Segment Start: DATASET RECORDS

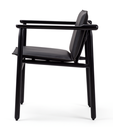
IGMAN CHAIR WITH ARMRESTS
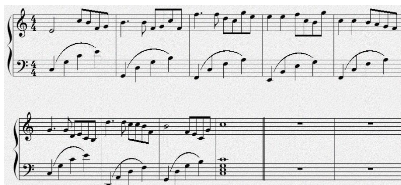
Figure 2. A sample of students’ composition work my wish presented by grand staff.
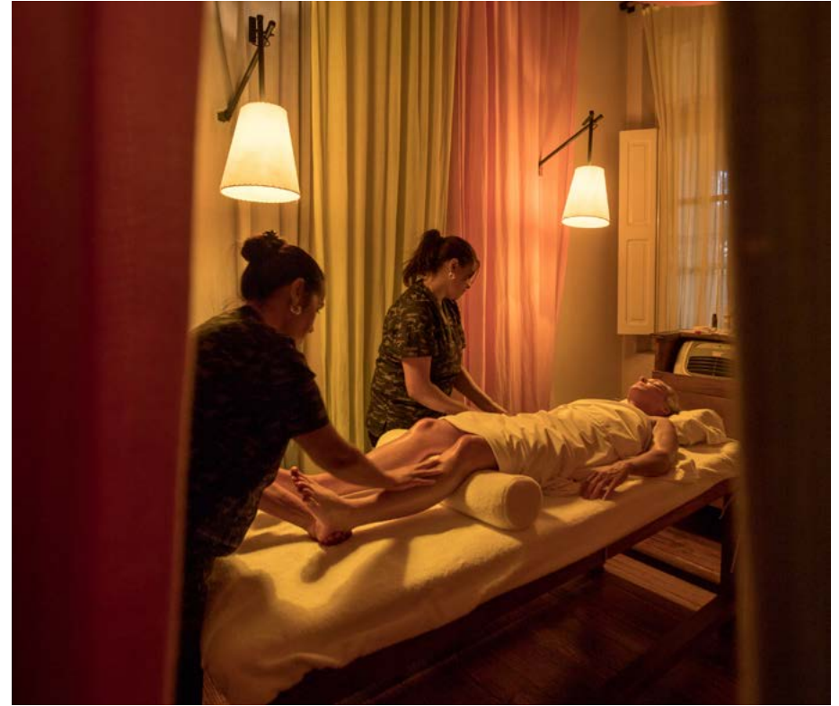
Recover after a long day of shooting with a relaxing massage.
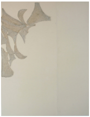
Sergej Jensen Untitled (Pearls), 2008 Raw silk, muscle-shell beads, and thread 86 3/4 x 67 inches 220 x 170 cm (AK#5869)
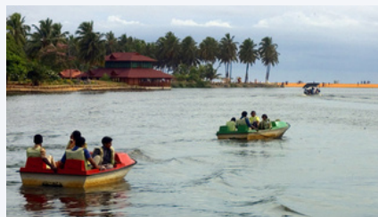
Veli Tourist Village( 14.6 km)
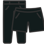
White or red polo with navy pants/shorts.
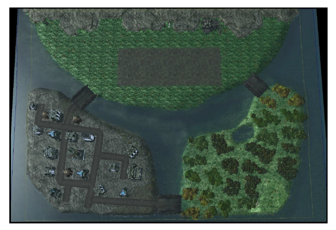
Figure 2: Starvest, an example level created by students using the StarCraft II editor
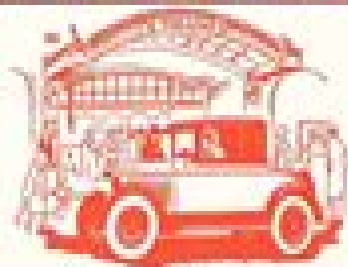
Grand rooms for social occasions
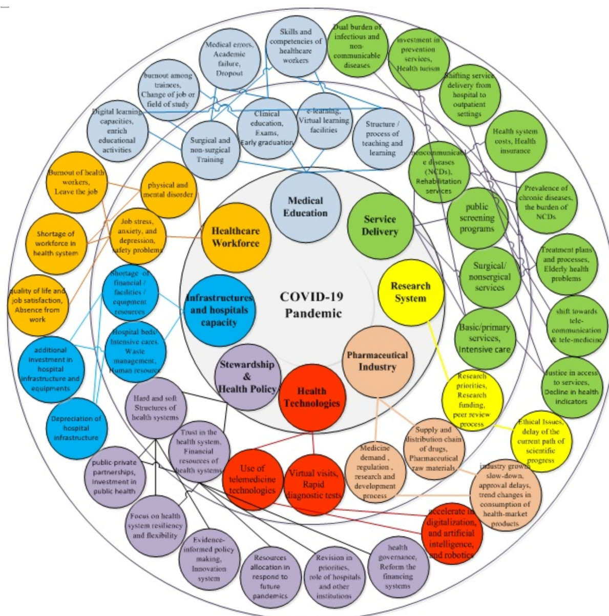
Fig. 3. Effects of the COVID-19 on the different dimensions of the health system

Segment End: DATASET RECORDS

◆ ASSIGNMENT
Please retype, exactly and with the pictures left out, the lines from the line containing "Grand rooms for social occasions" through the last line of the records above.

◆ RESPONSE FOR THIS EXERCISE
Grand rooms for social occasions
Fig. 3. Effects of the COVID-19 on the different dimensions of the health system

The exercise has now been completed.